As if to describe this recent shift in our thinking, the emerging idea that lifelong sexual exclusivity might be up for reconsideration, sex and relationship advisor Dan Savage, the openly gay and unsparing critic of what he sees as the hypocrisies of compulsory monogamy in the US, coined the term “monogamish” to describe a committed relationship that allows for forays with others. Savage asserts that monogamy is a tough racket, that we need alternatives, and that gay men gentrified non-monogamy for straight people, sort of like they did the Upper West Side and all of San Francisco. But how extensive are the renovations to the house that monogamy built, really? In 2000, experts reported that roughly 95 percent of respondents in a statistically representative sample of cohabiting and married American adults expected monogamy of their partners and believed their partners expected it of them.
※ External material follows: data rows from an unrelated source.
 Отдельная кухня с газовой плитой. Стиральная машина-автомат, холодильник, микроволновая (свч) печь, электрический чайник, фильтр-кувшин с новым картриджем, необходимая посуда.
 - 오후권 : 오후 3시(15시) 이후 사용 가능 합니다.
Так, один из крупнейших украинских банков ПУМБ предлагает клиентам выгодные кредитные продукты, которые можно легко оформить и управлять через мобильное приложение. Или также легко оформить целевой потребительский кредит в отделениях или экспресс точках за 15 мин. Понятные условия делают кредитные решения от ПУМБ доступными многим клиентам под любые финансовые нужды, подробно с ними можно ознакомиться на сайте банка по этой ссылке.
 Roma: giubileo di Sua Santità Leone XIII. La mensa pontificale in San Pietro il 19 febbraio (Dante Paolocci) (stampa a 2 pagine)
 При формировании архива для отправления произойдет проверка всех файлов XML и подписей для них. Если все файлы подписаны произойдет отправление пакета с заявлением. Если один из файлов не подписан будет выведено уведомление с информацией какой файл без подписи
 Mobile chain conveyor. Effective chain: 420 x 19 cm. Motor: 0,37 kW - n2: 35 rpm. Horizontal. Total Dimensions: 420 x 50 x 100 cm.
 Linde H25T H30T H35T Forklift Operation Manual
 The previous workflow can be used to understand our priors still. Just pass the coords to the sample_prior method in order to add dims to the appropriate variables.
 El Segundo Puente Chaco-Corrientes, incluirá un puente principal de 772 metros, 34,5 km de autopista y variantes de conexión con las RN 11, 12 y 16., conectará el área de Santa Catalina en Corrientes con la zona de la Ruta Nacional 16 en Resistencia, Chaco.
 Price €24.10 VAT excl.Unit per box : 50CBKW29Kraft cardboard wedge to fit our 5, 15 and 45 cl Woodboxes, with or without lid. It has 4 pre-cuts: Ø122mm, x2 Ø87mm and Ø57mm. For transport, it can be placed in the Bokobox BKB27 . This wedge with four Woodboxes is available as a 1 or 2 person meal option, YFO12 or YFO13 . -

Australian researchers presented a nearly identical statistic in 2014. Sociologist Alicia Walker, who has studied infidelity extensively, observed that in spite of changes in the sociosexual landscape, “studies and polls routinely find that Americans disapprove of infidelity for any reason . . . [and] the cultural mandate against it is so strong that no one wants to admit to being cheated on, or to be the person who publicly says we don’t think cheating is so bad.” Will there ever be Starbucks and Bugaboo strollers in the edgy, exciting neighborhood of Monogamish?